During the committee debates, representatives of Israel’s State Prosecution explained that they currently contact the social media networks with requests to remove offensive materials on a voluntary basis according to their conditions of use, and reported that other government entities also contact social media networks. On the initiative of the Constitution Committee, and in order to increase the transparency and supervision of these contacts, it was decided to impose a detailed reporting obligation on said voluntary measures.

Chairman Slomiansky presented his “green route” initiative, saying, “I don’t want Facebook and Google to determine the limits of freedom of expression, which will establish what to monitor and what not to monitor, and on the other hand, I am not prepared to have a call for terror or murder remain online for two weeks until the court reaches a decision. Consequently, I reached an agreement with the Supreme Court President that if something irregular is publicized online and immediate removal thereof is required, the court will be compelled to complete its deliberations and issue a decision within 48 hours. This is an immediate route that constitutes an alternative to monitoring. We have tiptoed around this and found the interim route in order not to damage freedom of expression while focusing on terror and grave matters.”

MK Revital Swid (Zionist Union) requested to limit the fast-route proceeding strictly to incitement to terror, noting that “the bill should have applied solely to content constituting incitement to terror. The social media network has shown how it facilitates terror by individuals and I still think that the social media networks have the capacity to monitor and remove this content with their own initiative.”

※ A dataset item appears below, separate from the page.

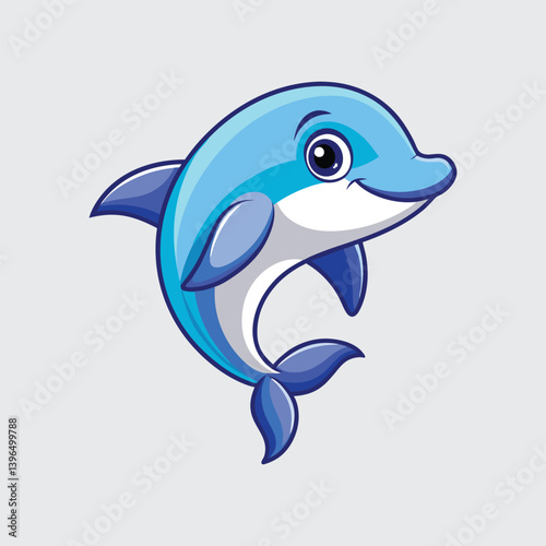 Fototapeta premium Cute cartoon dolphin, a blue marine mammal, swimming and jumping isolated on white
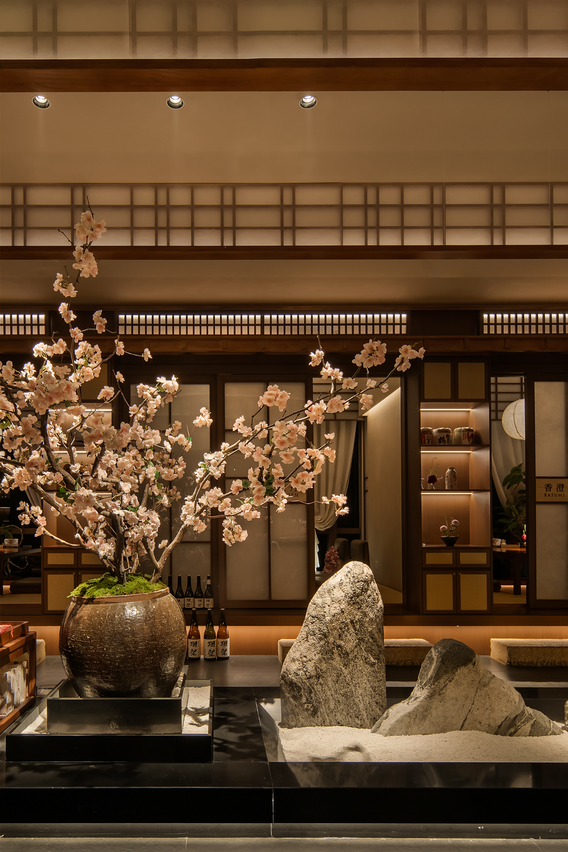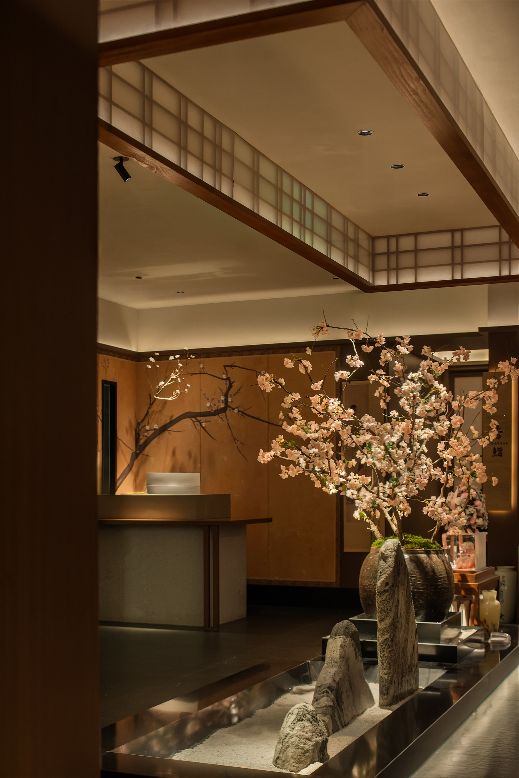 空间中,枯山水造景是视觉核心:原石叠砌的山形搭配细沙铺就的“水纹”,凝练出日式园林的写意意境;旁侧古拙的粗陶花器中,樱花枝舒展绽放,柔美的花艺与冷峻的石景形成刚柔对比,为空间注入鲜活生机。

MK Swid contacted representatives of government ministries and reported that “they were very cautious in their use of the law. They were careful not to impair freedom of expression, nor the right to protest and demonstration.”

Subsequently, Swid called on the online giants, saying: “In all that concerns incitement to terror, you have the power to impose limits. You are the first who can block things such as pornography and pedophilia. The law will not compel you, but civilians’ security should. Please do not force us to legislate once again.”

The legal advisor to the committee Attorney Gur Blai referred to the last corrections that were made in the bill’s wording, including for the annual report of the Constitution Committee, and said that “the report will also refer to the number of requests that the state submitted to companies for voluntary content removal, as well as the number of requests that were refused, and in the wake of which follow-up requests for a judicial directive were issued. We will also request a report as to the number of requests that were issued in the quick-route proceeding.”

Attorney Haim Vismonsky of the State Attorney’s Office commented “we understood that there is fear on the part of the committee that the law would be abused and government officials would take the name of security in vain to obtain the equivalent of censorship. On the other hand, we tried to examine which offenses are relevant to state security, but in practice not only security offenses represent a breach of state security. There are offenses such as Hamas’ fake phone messages for soldiers, and more. In view of this, we have reached an agreement that if we wish to submit requests based on offenses of libel, damaging religious sentiments, insulting a public official, and contempt of court, an approval of the highest echelon in the State Attorney’s Office will be required, which would be the State Attorney General or his deputy.”

Tova Even Chen, a candidate representing Moshe Feiglin’s Zehut LaKnesset party (Liberty, Purpose, Jewish Identity), told the committee: “I fear the restriction of political freedom of expression. We have never heard that anyone committed an act of libel and was requested to burn newspapers or return them to the shelves. This is a serious blow to freedom of expression.”